Patents associated with NIH funding for research related to approved drugs or their targets

The 313 drugs in this study were associated with 349,797 NIH-funded publications identified by searching for the drugs or their targets prior to first approval. These PMIDs were associated with 145,441 NIH-funded projects with $339,979 million total project costs. Of these totals, 120 projects (0.08%), with $1,142 million total project costs (0.34%), were also associated with patents related to these drugs in DrugPatentWatch (Table 2).

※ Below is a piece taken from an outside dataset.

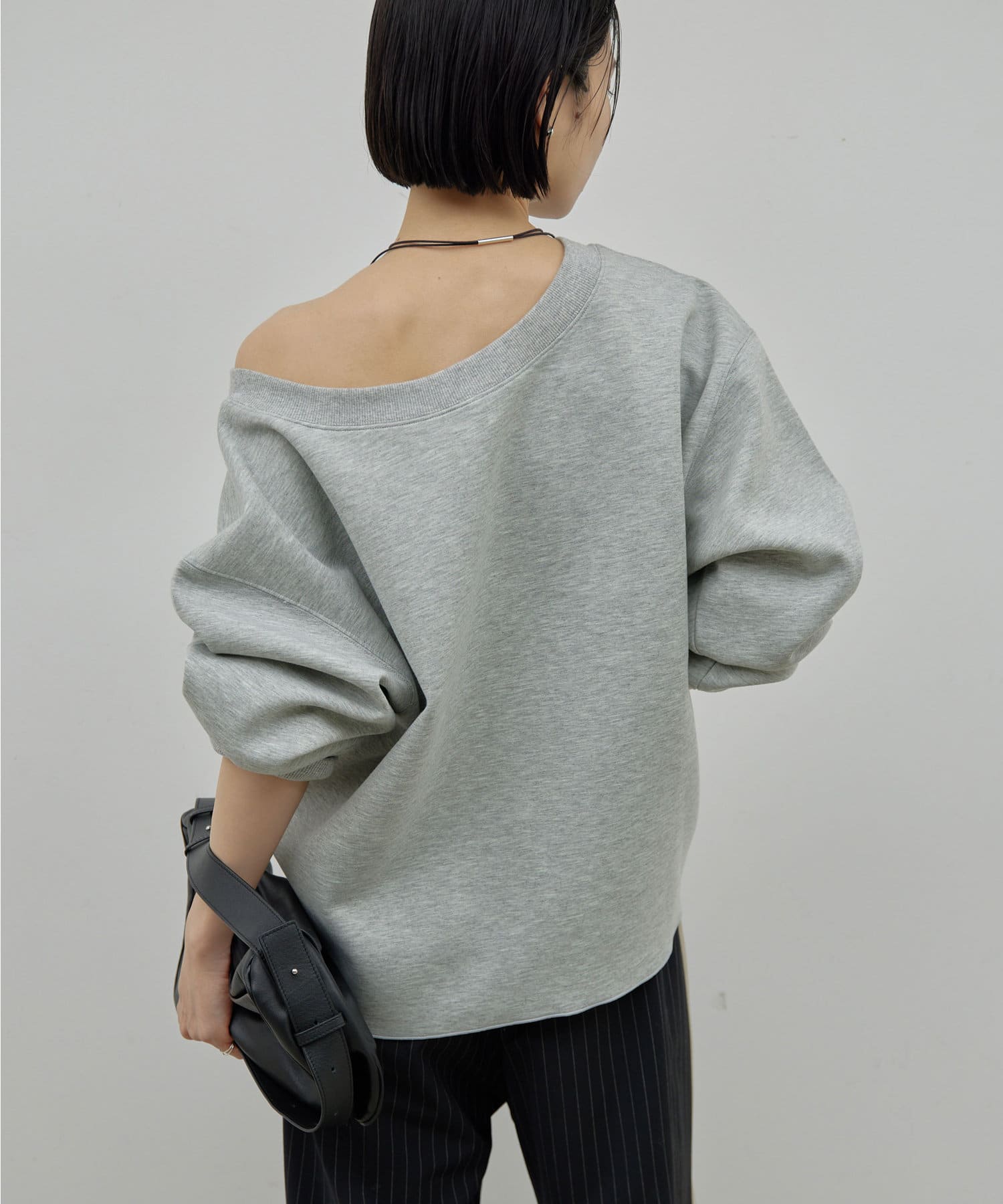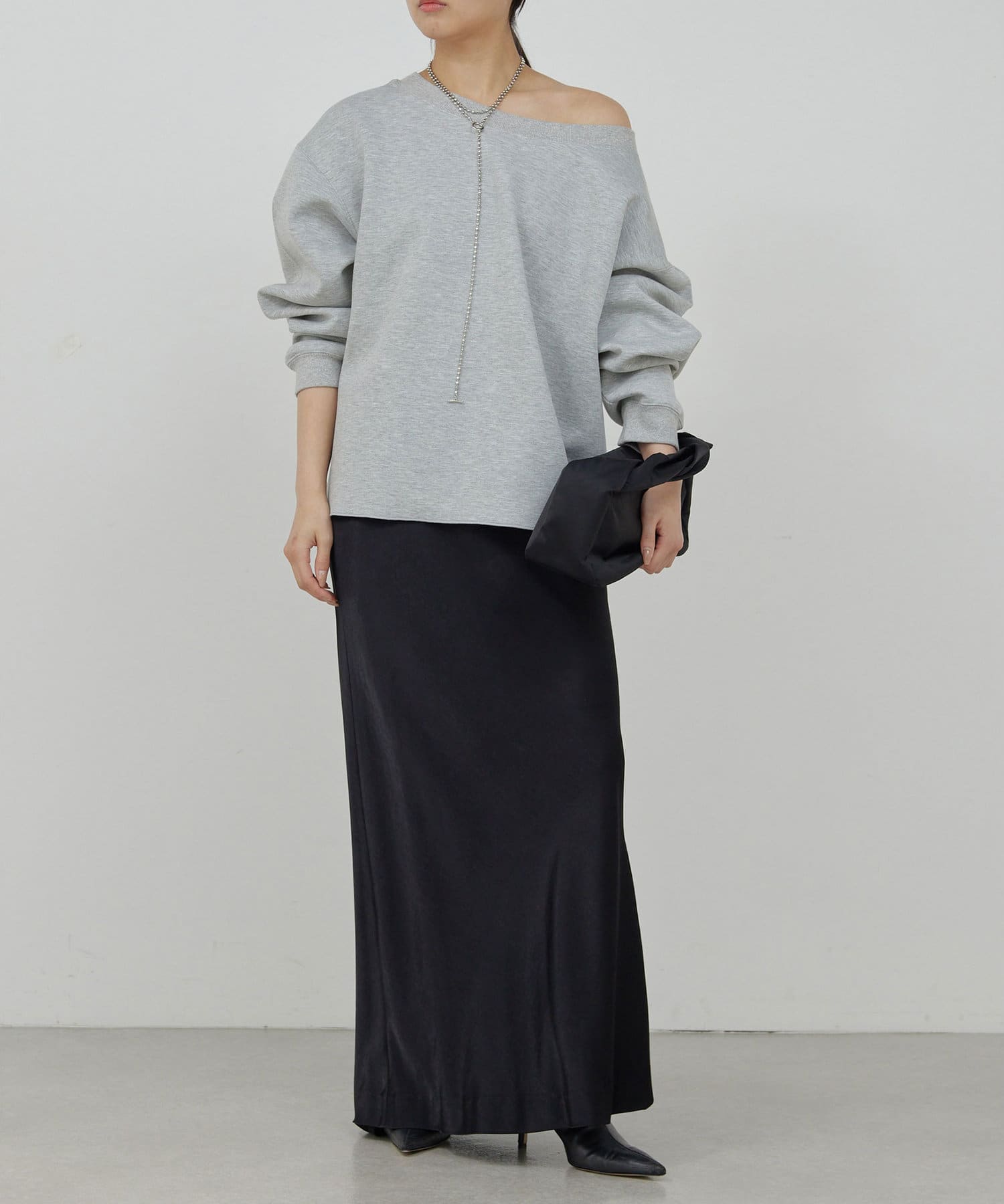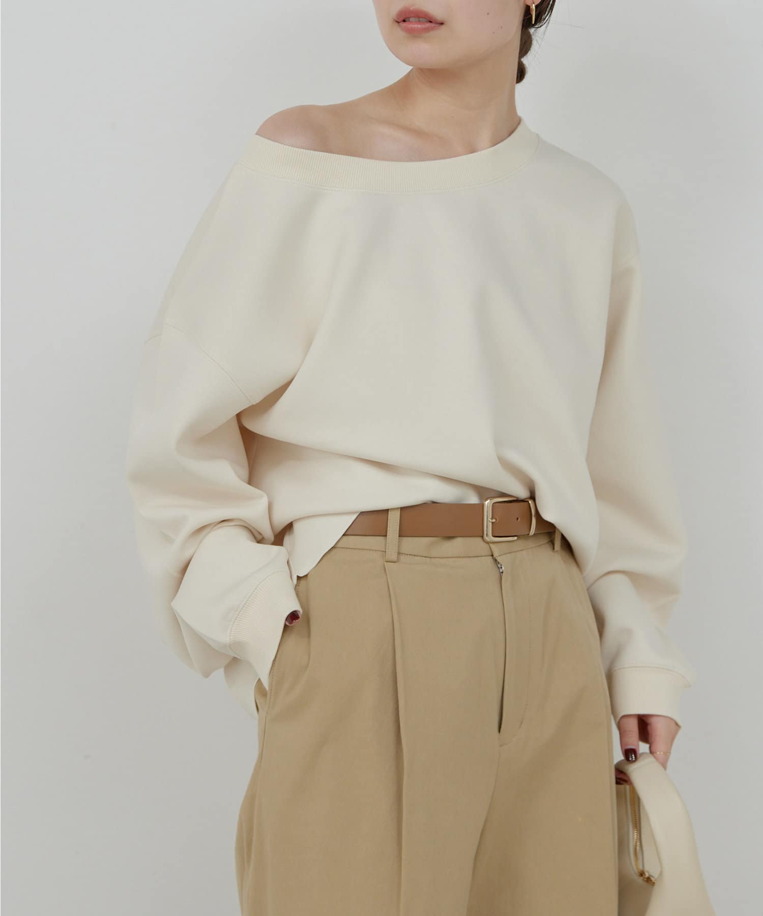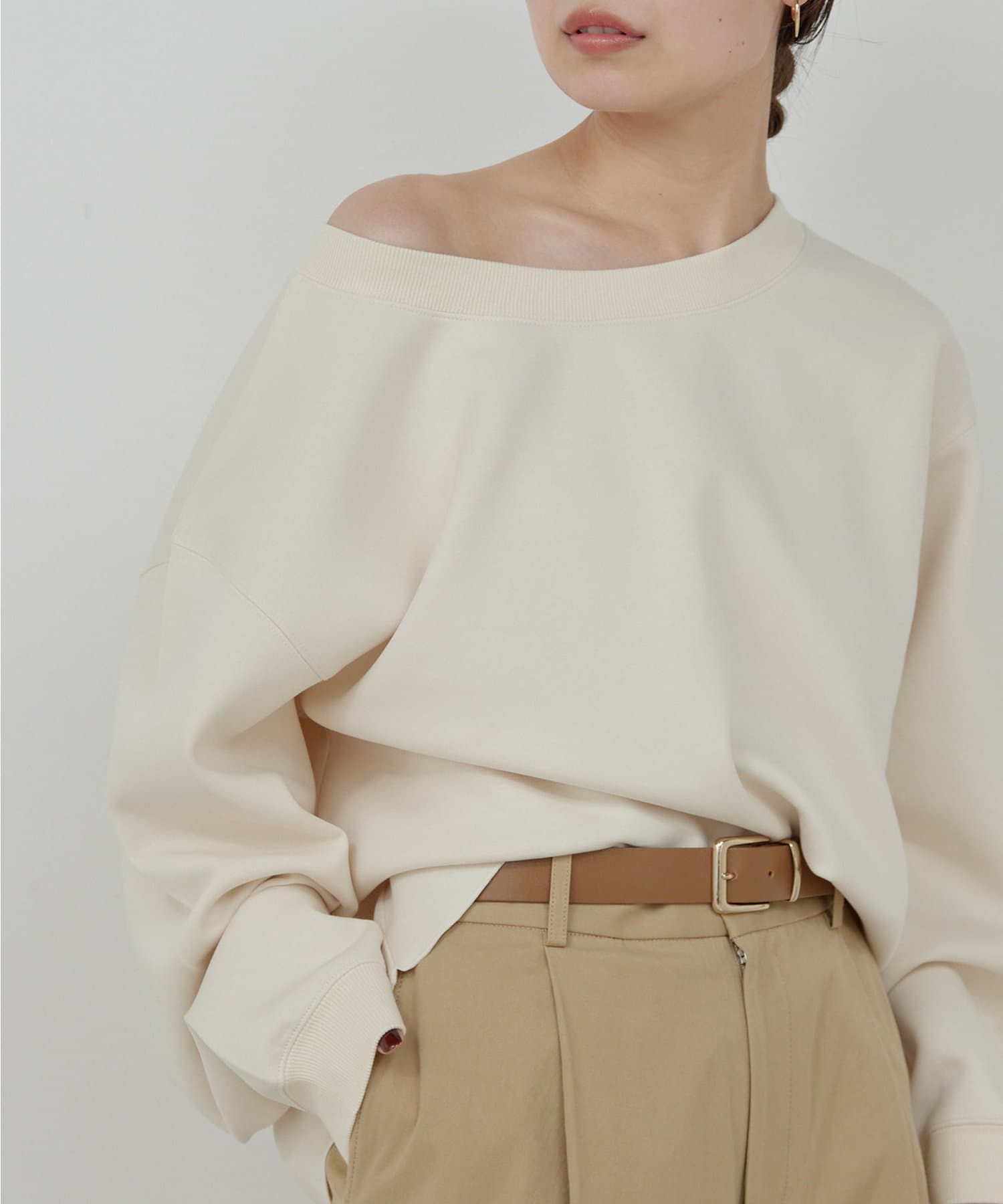 ●肩を抜いてオフショルダーやワンショルダーにした着こなしもおすすめ。

Considering only those fiscal years of funding (project years) associated with published research (PMIDs) related to the 313 drugs or their targets, NIH funding comprised 341,375 project years and $163,878 million project year costs. Of this amount, 769 project years of funding (0.23% of all project years) with $954 million project year costs (0.58% of all project year costs) were associated with projects that also produced patents related to these drugs in DrugPatentWatch (Tables 2 and 3). These project years were associated with 29/313 (9.3%) of the products with at least one patent in DrugPatentWatch (Table 1, S1 Table) and accounted for 1.1% of all PMIDs related to these drugs (Table 3). This funding, which was focused explicitly on the drug or its target, accounted for 104/119 (87.4%) patents associated with these products in DrugPatentWatch (Table 1, S2 Table). The other 15 patents identified in DrugPatentWatch in association with these products related to production, formulation, or product use, rather than the drug or its target (S2 Table).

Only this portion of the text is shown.